These allusions to the queen, who was accused of directing the Austrian committee, this threatening language, addressed to the king, went echoing into the king's cabinet, and forced his hand to sign the nomination of a Girondist ministry. This was a party manœuvre, executed beneath the appearance of sudden indignation in the tribune—it was more, it was the first signal made by the Girondists to the men of the 20th of June and the 10th of August. The act of accusation was carried, and De Lessart sent to the court of Orleans, which only yielded him up to the cut-throats of Versailles. He might have fled, but his flight would have been interpreted against the king. He placed himself generously between death and his master, innocent of every crime except his love for him.

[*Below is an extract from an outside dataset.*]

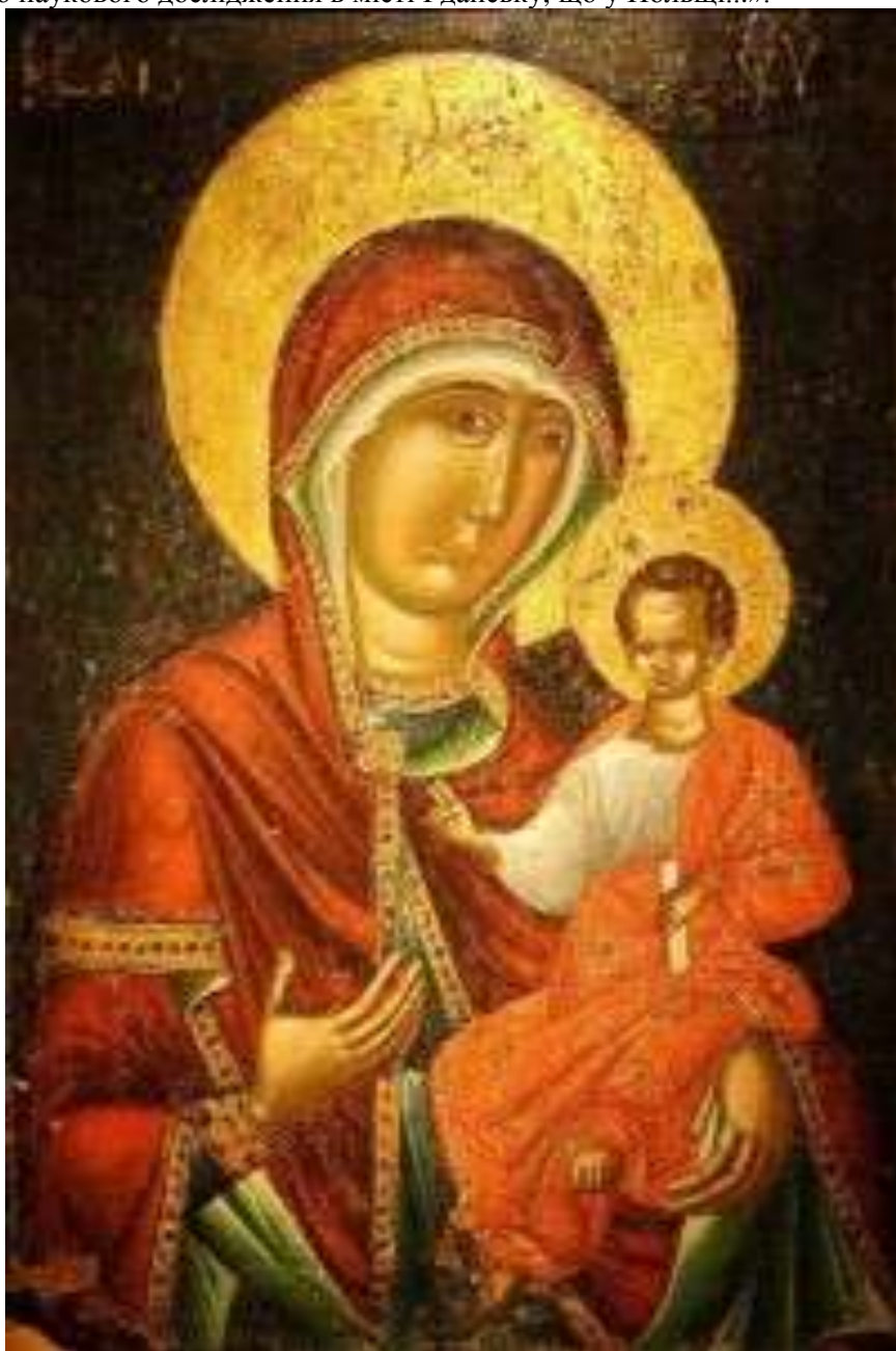
Св.12. Копія ікони Богородиці Провідниці (Одигітрії). Львівський Музеї історії релігії.

The king felt that there was but one step between himself and abdication: that was, by taking his ministry from amongst his enemies, and giving them an interest in power, by placing it in their hands. He yielded to the times, embraced his minister, and requested the Girondists to supply him with another. The Girondists were already silently occupied in so doing. They had previously made, in the name of the party, overtures to Roland at the end of February. "The court," they said to him, "is not very far off from taking Jacobin ministers: not from inclination, but through treachery. The confidence it will feign to bestow will be a snare. It requires violent men in order to impute to them the excesses of the people and the disorders of the kingdom: we must deceive its perfidious hopes, and give to it firm and sagacious patriots. We think of you."
XI.
Roland, whose ambition had soured in obscurity, had smiled at the power which came to avenge his old age. Brissot, himself, had gone to Madame Roland on the 21st of the same month, and repeating the same words, had requested from her the formal consent of her husband. Madame Roland was ambitious, not of power but of fame. Fame lightens up the higher places only, and she ardently desired to see her husband elevated to this eminence. She spoke like a woman who had predicted the event, and whom fortune does not surprise. "The burden is heavy," she said to Brissot, "but Roland has a great consciousness of his own powers, and would derive fresh strength from the feeling of being useful to liberty and his country."